Input data ::
>>>
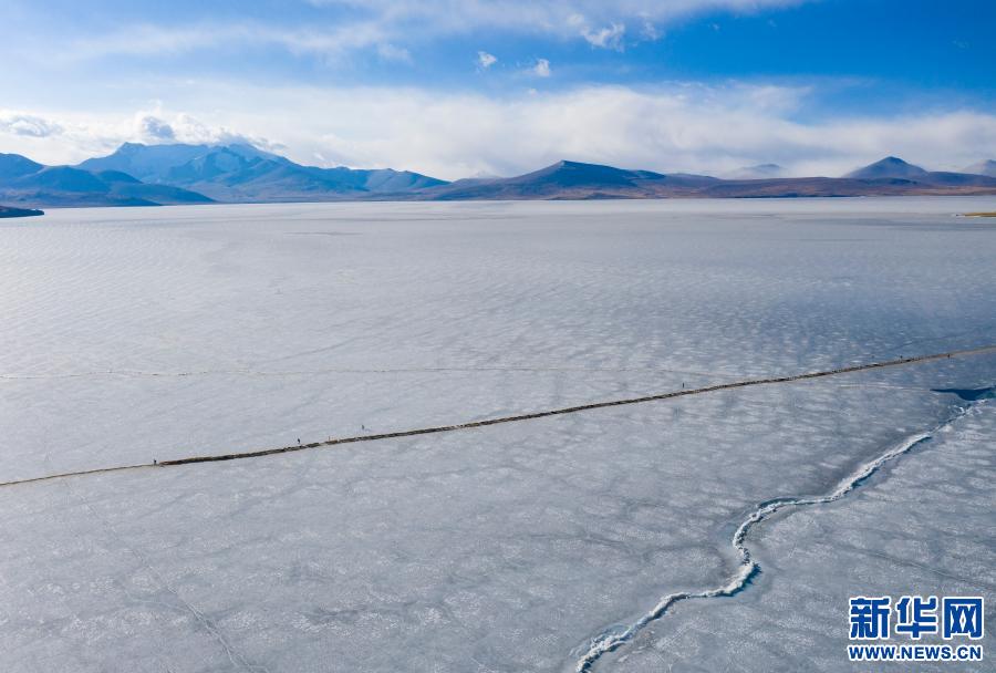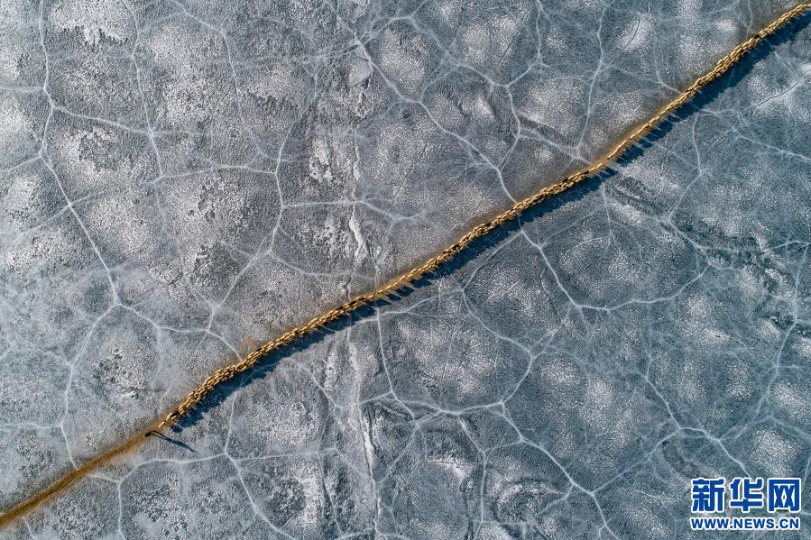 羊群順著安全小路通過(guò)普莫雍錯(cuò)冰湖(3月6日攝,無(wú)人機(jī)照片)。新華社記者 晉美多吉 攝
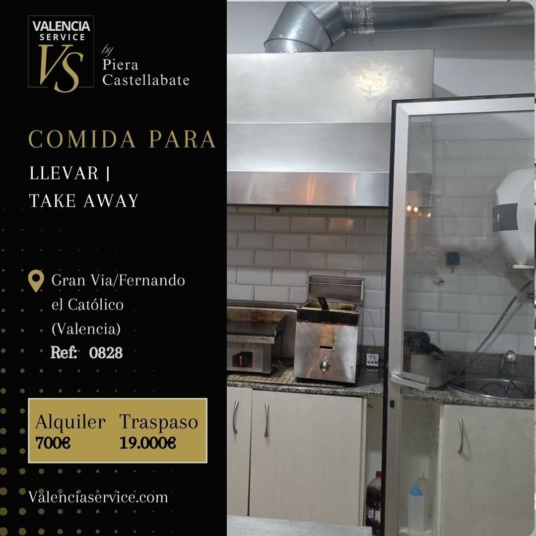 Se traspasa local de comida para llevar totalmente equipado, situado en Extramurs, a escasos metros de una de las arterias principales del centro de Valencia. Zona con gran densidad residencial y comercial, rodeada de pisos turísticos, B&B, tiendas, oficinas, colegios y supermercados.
<<<
>>>
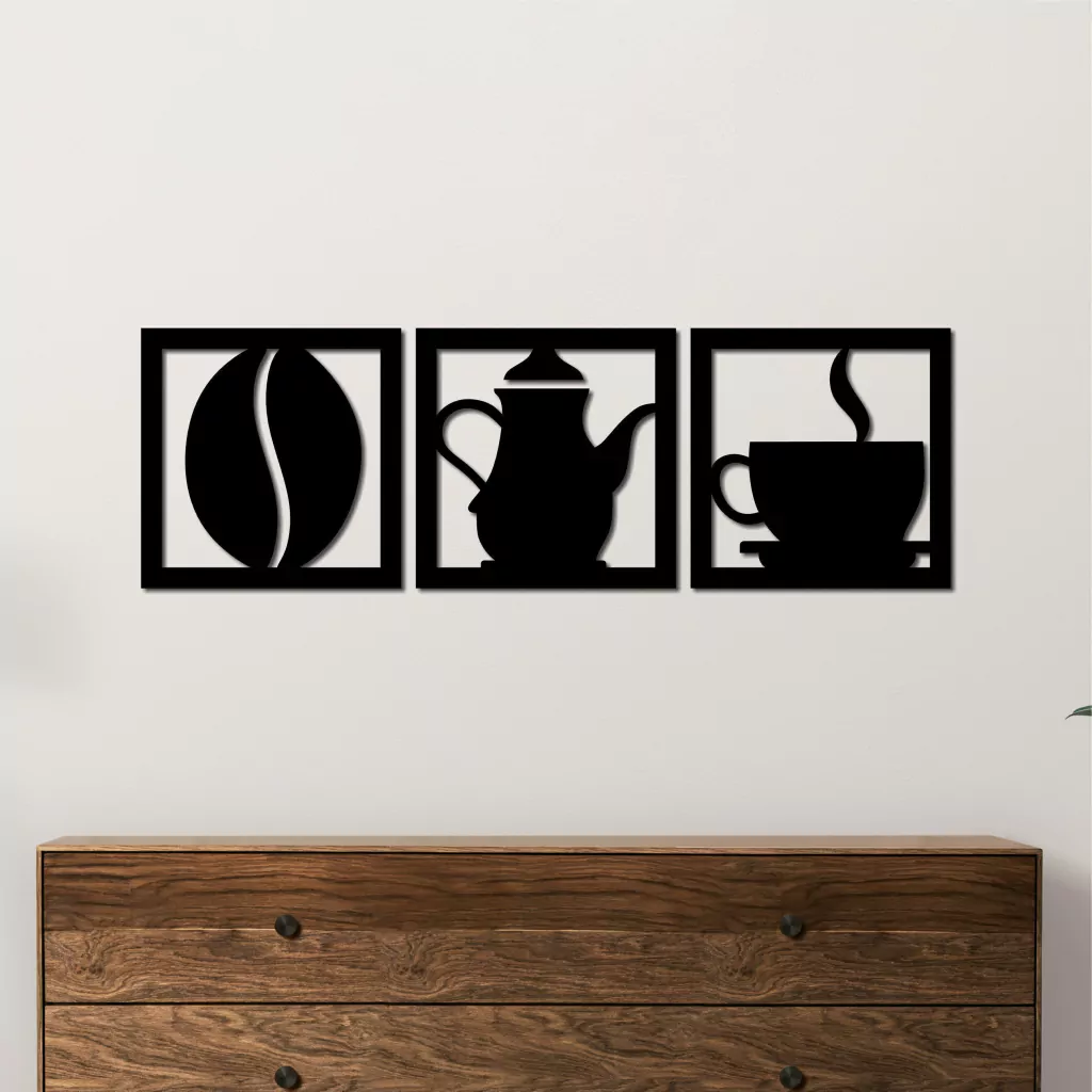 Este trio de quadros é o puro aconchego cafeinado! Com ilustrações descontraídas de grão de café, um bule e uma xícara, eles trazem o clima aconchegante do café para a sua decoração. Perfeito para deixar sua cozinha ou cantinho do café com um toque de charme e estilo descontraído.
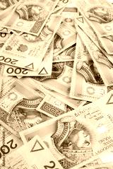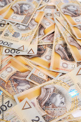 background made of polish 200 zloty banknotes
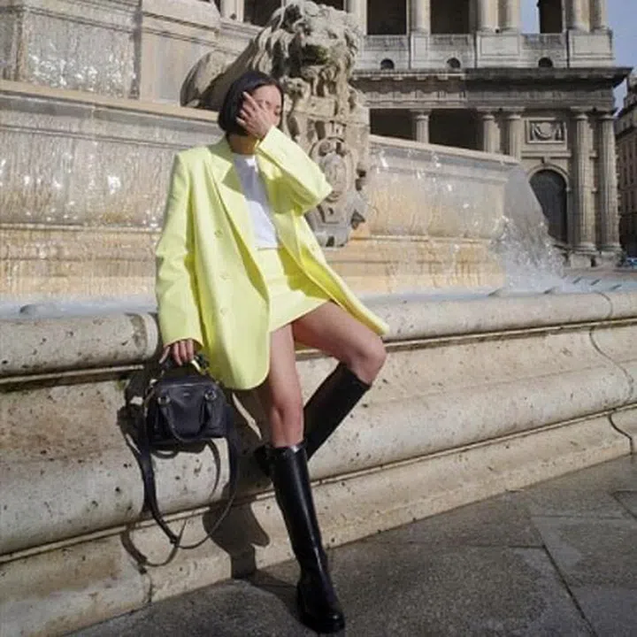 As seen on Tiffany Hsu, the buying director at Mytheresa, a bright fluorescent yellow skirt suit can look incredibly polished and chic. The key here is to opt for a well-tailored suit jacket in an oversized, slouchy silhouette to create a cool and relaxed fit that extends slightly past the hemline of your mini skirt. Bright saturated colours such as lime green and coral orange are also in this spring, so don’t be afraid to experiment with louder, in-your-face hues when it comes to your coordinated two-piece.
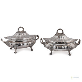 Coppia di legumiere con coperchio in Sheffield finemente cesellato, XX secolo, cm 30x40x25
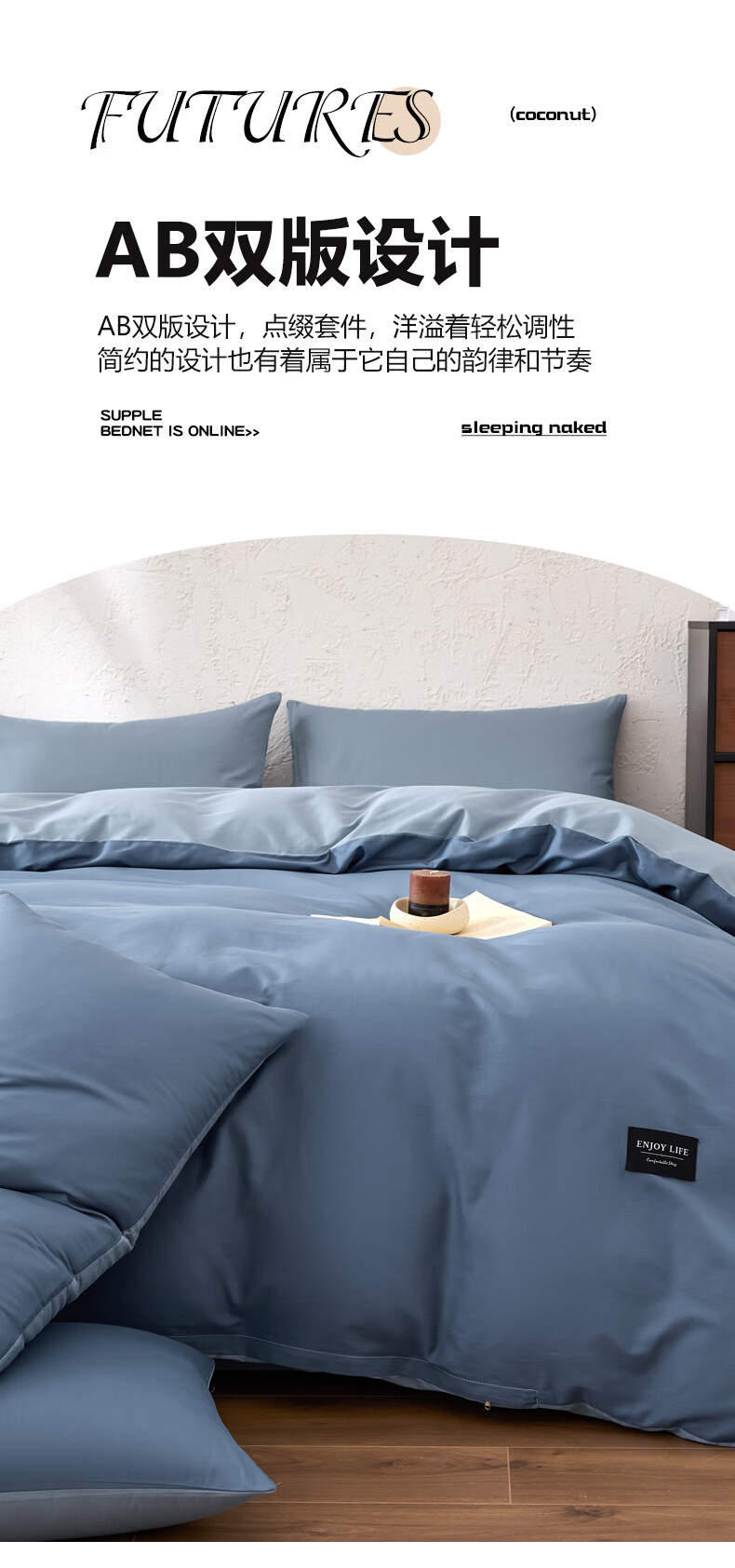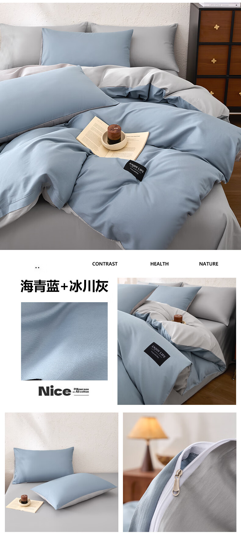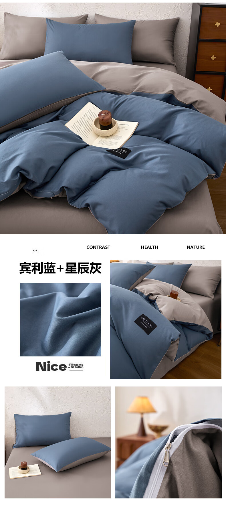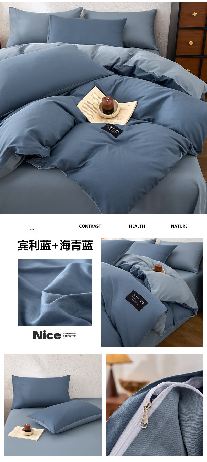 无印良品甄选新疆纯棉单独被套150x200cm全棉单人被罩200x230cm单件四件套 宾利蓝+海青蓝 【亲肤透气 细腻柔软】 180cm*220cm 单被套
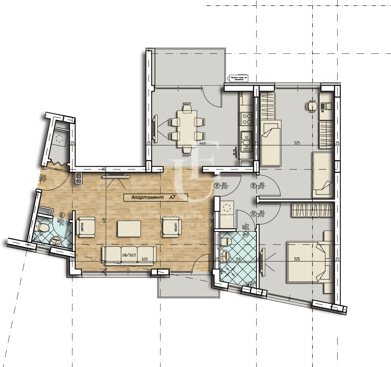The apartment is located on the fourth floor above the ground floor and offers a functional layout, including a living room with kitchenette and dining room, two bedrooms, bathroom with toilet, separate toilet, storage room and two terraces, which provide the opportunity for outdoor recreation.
<<<
>>>
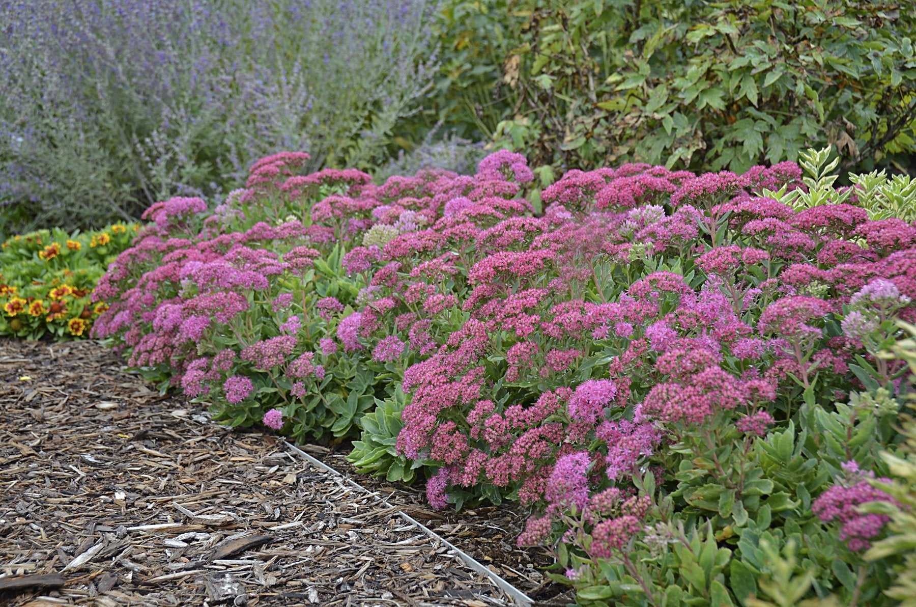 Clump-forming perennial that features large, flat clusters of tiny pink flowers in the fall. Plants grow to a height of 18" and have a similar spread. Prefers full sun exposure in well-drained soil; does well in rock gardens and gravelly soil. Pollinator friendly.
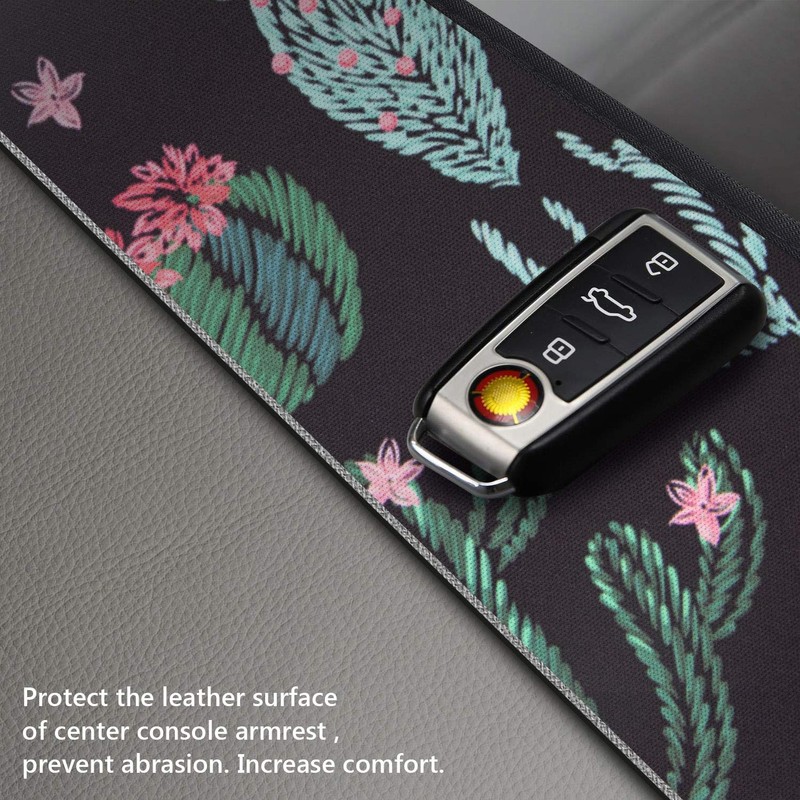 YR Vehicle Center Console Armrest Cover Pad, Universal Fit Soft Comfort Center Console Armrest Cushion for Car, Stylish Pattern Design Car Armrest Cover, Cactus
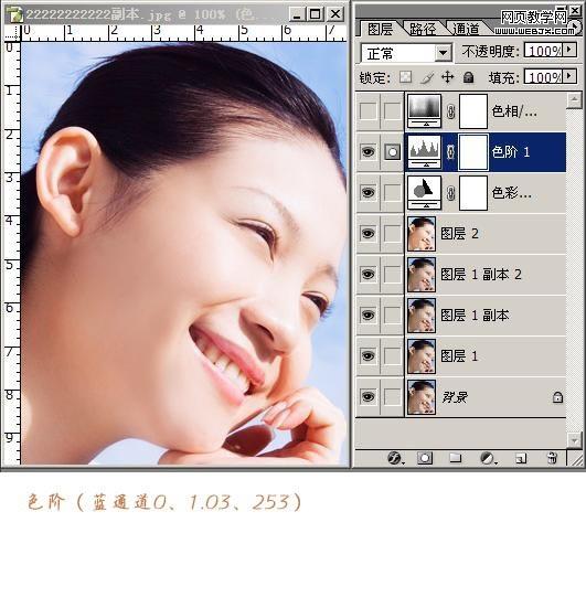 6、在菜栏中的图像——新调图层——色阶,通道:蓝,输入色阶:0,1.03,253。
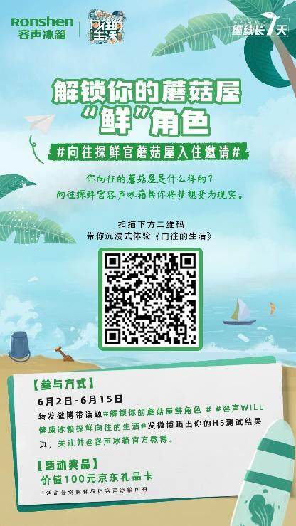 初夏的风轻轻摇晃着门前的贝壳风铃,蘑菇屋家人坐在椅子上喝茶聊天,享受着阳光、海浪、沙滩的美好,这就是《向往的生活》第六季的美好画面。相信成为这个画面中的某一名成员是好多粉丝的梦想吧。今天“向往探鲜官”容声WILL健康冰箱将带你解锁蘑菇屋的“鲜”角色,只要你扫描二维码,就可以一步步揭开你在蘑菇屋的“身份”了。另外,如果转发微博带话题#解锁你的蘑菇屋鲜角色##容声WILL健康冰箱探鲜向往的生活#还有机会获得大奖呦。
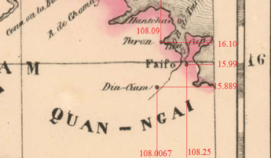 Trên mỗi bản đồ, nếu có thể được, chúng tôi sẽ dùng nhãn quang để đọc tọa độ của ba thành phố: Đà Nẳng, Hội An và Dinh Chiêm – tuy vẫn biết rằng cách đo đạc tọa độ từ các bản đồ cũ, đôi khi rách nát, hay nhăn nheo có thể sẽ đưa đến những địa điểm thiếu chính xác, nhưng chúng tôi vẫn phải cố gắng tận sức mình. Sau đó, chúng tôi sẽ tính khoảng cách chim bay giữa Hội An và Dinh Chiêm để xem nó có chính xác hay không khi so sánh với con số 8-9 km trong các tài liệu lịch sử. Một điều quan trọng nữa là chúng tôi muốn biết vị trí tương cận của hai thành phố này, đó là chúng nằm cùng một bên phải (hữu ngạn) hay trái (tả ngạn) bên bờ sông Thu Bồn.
<<<
Task description :: Copy word for word the span of the records above that begins at the line with "background made of" and ends at the line with "As seen on Tiffany", including those two lines but not the pictures.

Task output ::
 background made of polish 200 zloty banknotes
 As seen on Tiffany Hsu, the buying director at Mytheresa, a bright fluorescent yellow skirt suit can look incredibly polished and chic. The key here is to opt for a well-tailored suit jacket in an oversized, slouchy silhouette to create a cool and relaxed fit that extends slightly past the hemline of your mini skirt. Bright saturated colours such as lime green and coral orange are also in this spring, so don’t be afraid to experiment with louder, in-your-face hues when it comes to your coordinated two-piece.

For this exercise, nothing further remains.